De diameter is 20 mm.
Het gewicht van een augustalis bedraagt gemiddeld 5,25 g, met uitlopers van 5,15 g tot 5,35 g.
Het goudgehalte is 20,5 karaat, wat wettelijk overeenkwam met een kwart Siciliaanse goudpond. Het goudgehalte was derhalve 854/1.000; wat de niet-gouden metalen betrof: het ging om drie delen zilver per deel koper.[3]
Naast de augustales werden er ook halve augustales geslagen, in het Italiaans mezzo augustale geheten. Deze wogen half zo zwaar en hun diameter bedroeg 16 mm.
De augustalis was niet de enige munt in het koninkrijk Sicilië. De Normandische voorvaderen van Frederik II sloegen, net zoals hij, koperen en zilveren munten naar het Byzantijns model van respectievelijk follares en ducales. Tevens sloegen ze gouden munten, tari genoemd, naar Arabisch model. Deze munten bleven verder gebruikt naast de augustalis, doch ze circuleerden eerder binnen het koninkrijk Sicilië.
Het muntstuk was een veelvoud waard van de gouden tari van Normandisch-Arabische oorsprong die in Sicilië in omloop waren.
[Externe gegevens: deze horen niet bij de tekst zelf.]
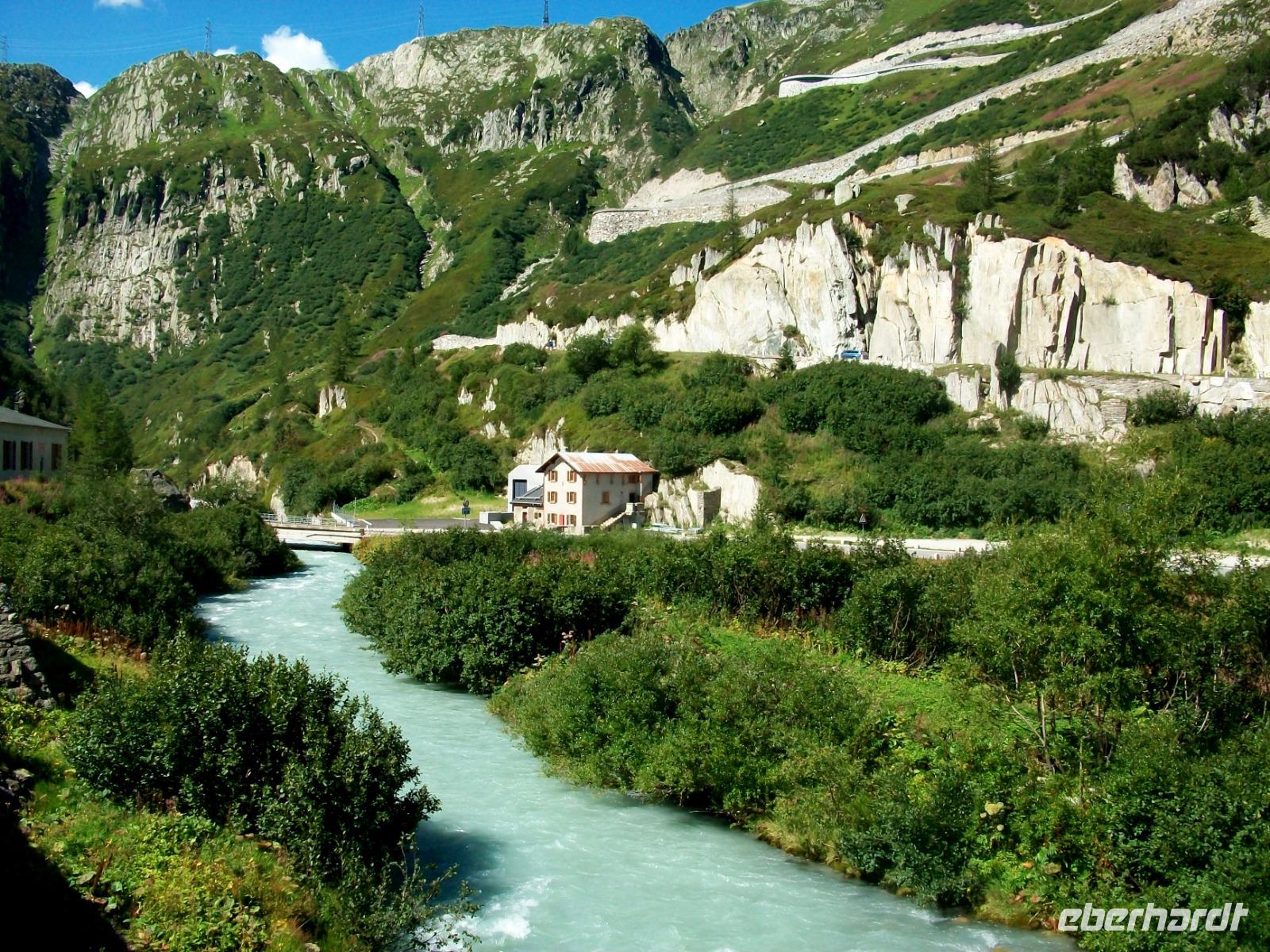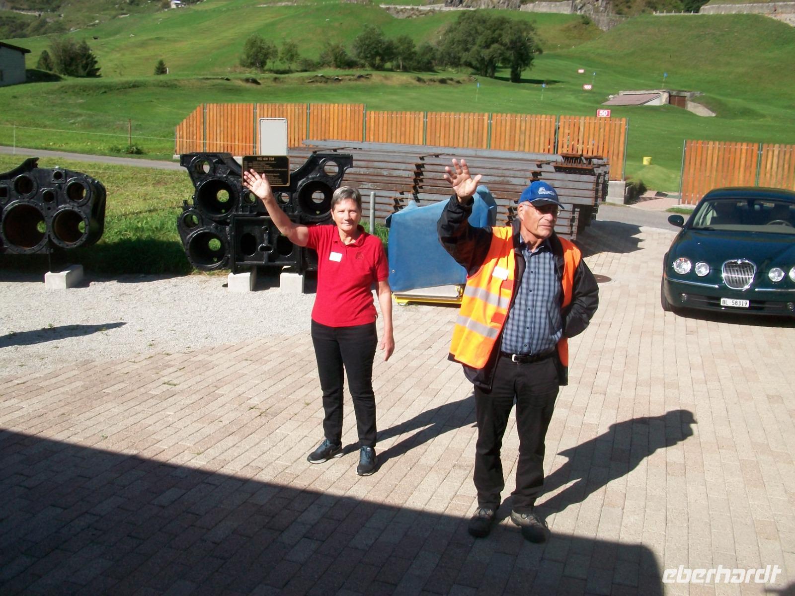 Die Schiffsreise endet in Flüelen; wir gelangen zum Bahnhof, hier erwartet uns schon der gut klimatisierte Panoramawagen des Zuges mit dem wir die alte Gotthard - Strecke erklimmen werden. Diese Tour wird nun auch eine Reise in die Bahngeschichte; wir steigen langsam aber stetig an und beim Ort Wassen passieren wir mehrere Kehrtunnels, wie sie im Berg verlaufen lässt sich an der Kirche beobachten die uns gleich in drei verschiedenen Perspektiven erscheint. Wunderbar sind die Erklärungen der Zugführerin und als wir in den alten Tunnel einfahren, sehen wir an einer Stelle Projektionen an den Wänden die uns den schwierigen Bau dieser Verbindung zeigt, einfach phantastisch!

De augustalis was een soort mega-tari en bedoeld om grote handelstransacties te financieren.[4] Zulke transacties reikten tot in de uithoeken van de Middellandse Zee. Hiermee lanceerde Frederik II zijn augustalis als concurrent van de dinar van het Arabische Rijk en van de hyperpyra van het Byzantijnse keizerrijk. Het was bovendien vier eeuwen geleden dat er in Europa zulke grote gouden munten geslagen werden.[5]
Zijn muntbeleid paste in een breder beleid van een moderne, centraal bestuurde en internationaal machtige staat Sicilië.[6] Na Frederiks dood volgden de republiek Genua, de republiek Venetië en het hertogdom Toscane Sicilië met het slaan van zulke grote en zware gouden munten. Ze deden dit in grotere hoeveelheden dan de Sicilianen.[7]